[Saved entries]
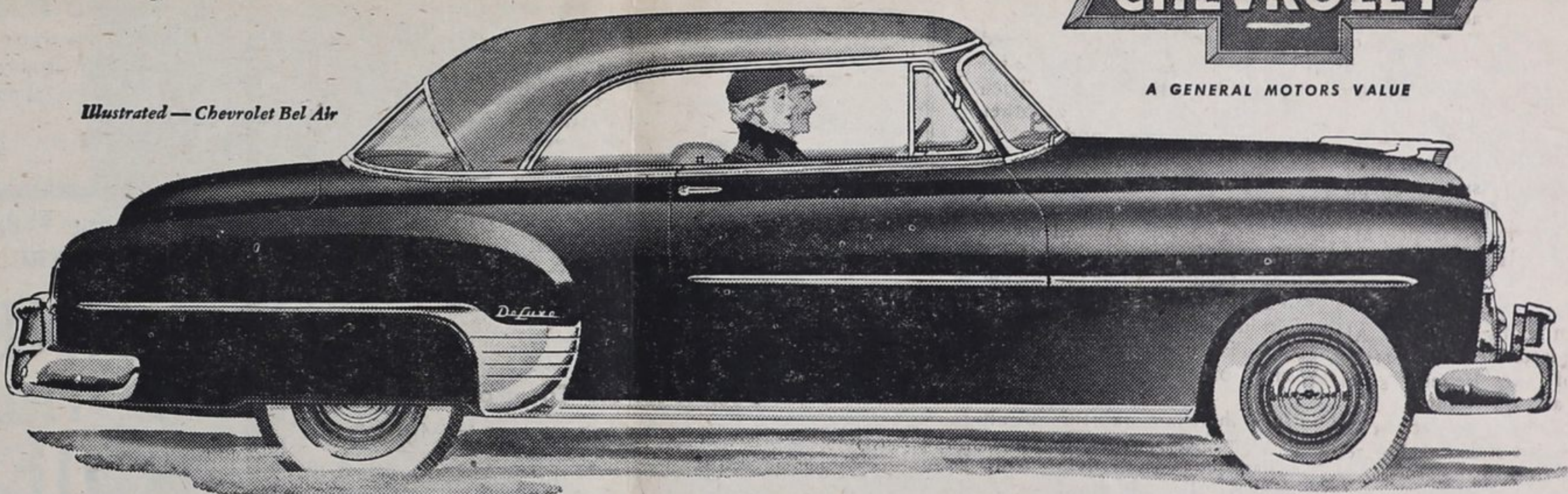
Illustrated — Chevrolet Bel Air
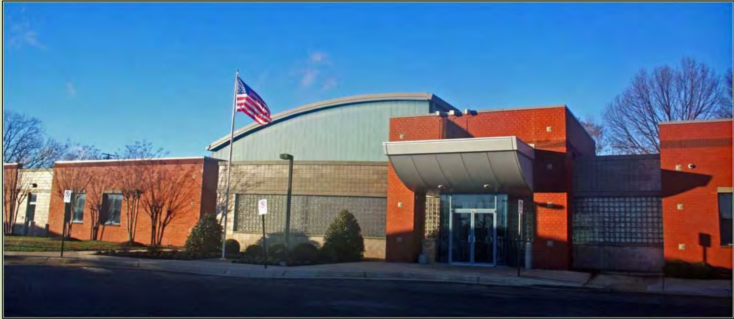
Richmond Ambulance Authority, Richmond, VA
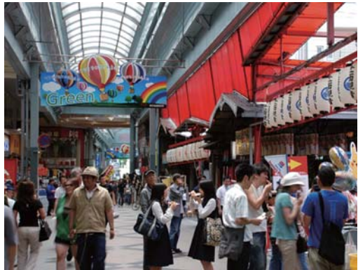
Osu What is Karakuri? What is Shinto? What is Matcha? A Hotch-potch of traditional and pop culture, fashion for the young and the old, Shintoism and Buddhism, and local and international cuisines. You can take a glance at the daily life of locals.
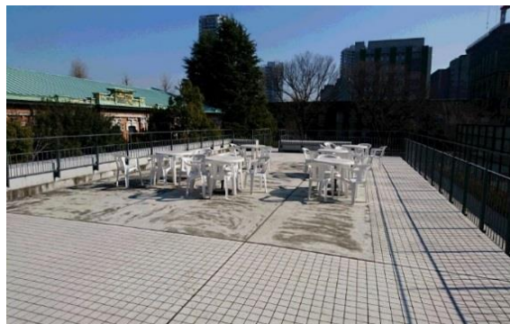
Terrace (Student Support Center 3F) Around 24 seats available
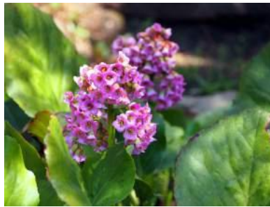
Bergenia cordifolia 'purpurea'
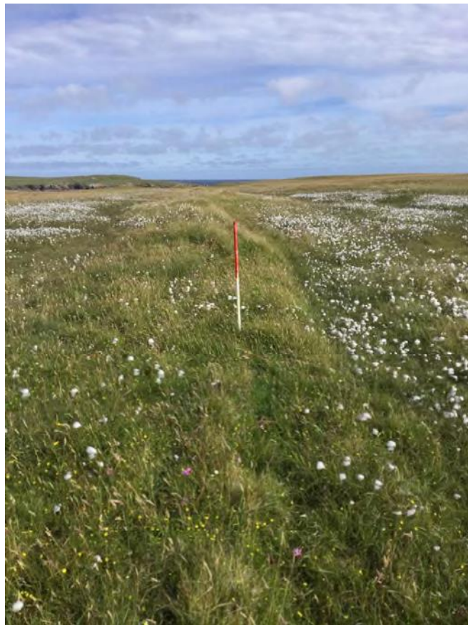
Plate 70: North facing view along a potential post-medieval field boundary (Site 434)
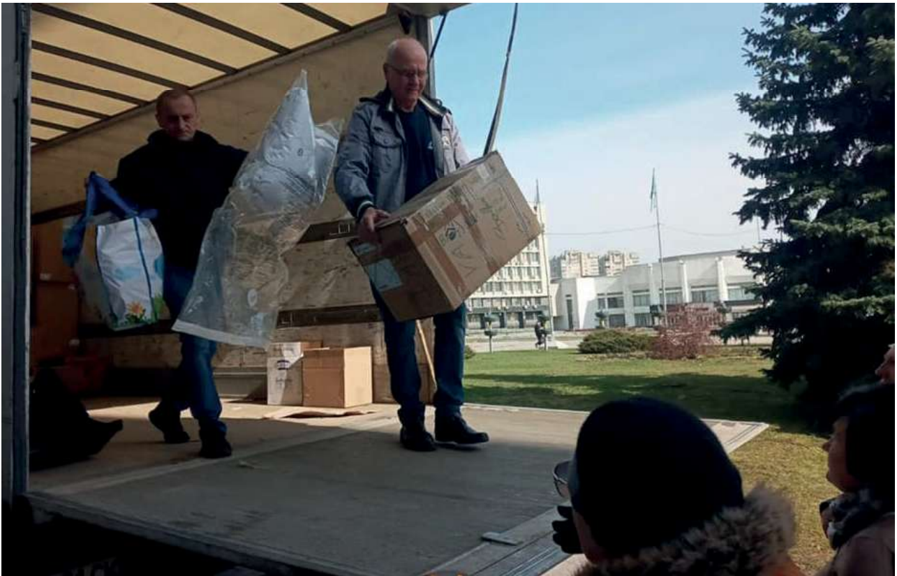
Medical products via the Palme Center to Ukrainian hospitals.

The LO Executive Council decided immediately after the invasion to donate SEK 250,000 to start with to the Palme Center's Ukraine fund-raiser. It will be followed by additional support. And all over Sweden, national
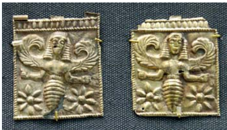
7th century BCE Gold placques embossed with the winged bee-goddesses, perhaps the Thriai. Found at Camiros Rhodes.

These three maidens who taught Apollo to prophecy even before Zeus granted him the ability to know the divine mind are usually identified as the Thriae (or Thriai , the name means pebbles and is thought to refer to small stones used in some system of divination. Most intriguing are their names. They were called Melanie ("the Black"), Kleodora ("Famed for her Gift"), and Daphnis ("Laurel").
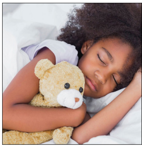
► It's time to get your child back into a sleeping routine
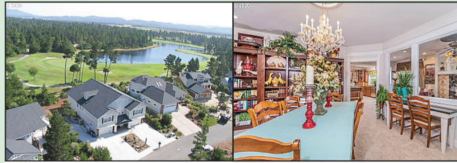
1035 Royal St Georges Dr – Fairway frontage and solid, well built home with great golf course views. This home is full of luxury amenities including stainless appliances and gas range, propane fireplace, an elevator, media/theater room, and expansive Trex deck overlooking the green. $850,000. #3137-20502246
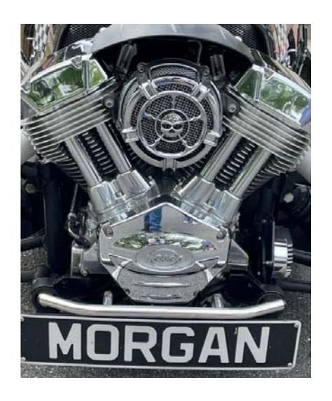
"Modern" Morgan 3-Wheeler
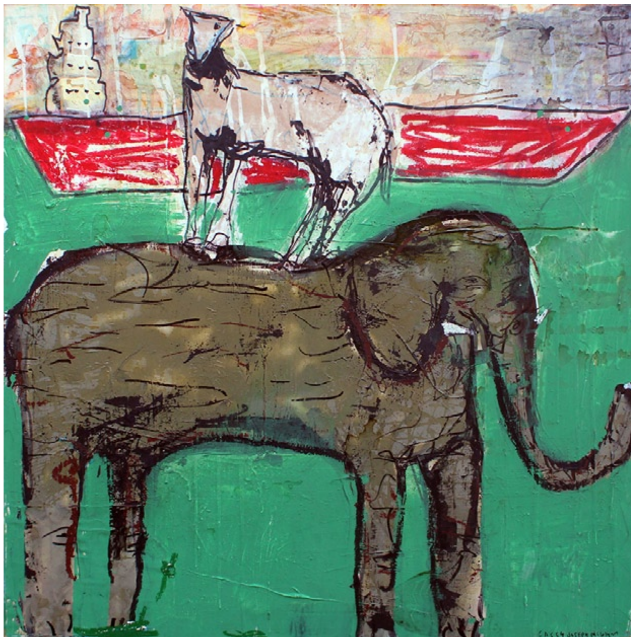
Horse Elephant Freighter mixed media on canvas 44 x 42 inches $4,500
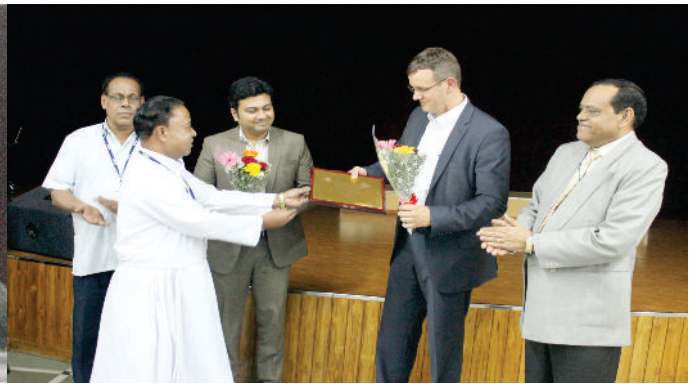
Session on Cross Cultural Issues

## WHAT YOU SHOULD DO
The answer needed is a single number: how many lines in the records above hold the string "Center". Please write nothing else.

## OUTPUT OF THE TASK
3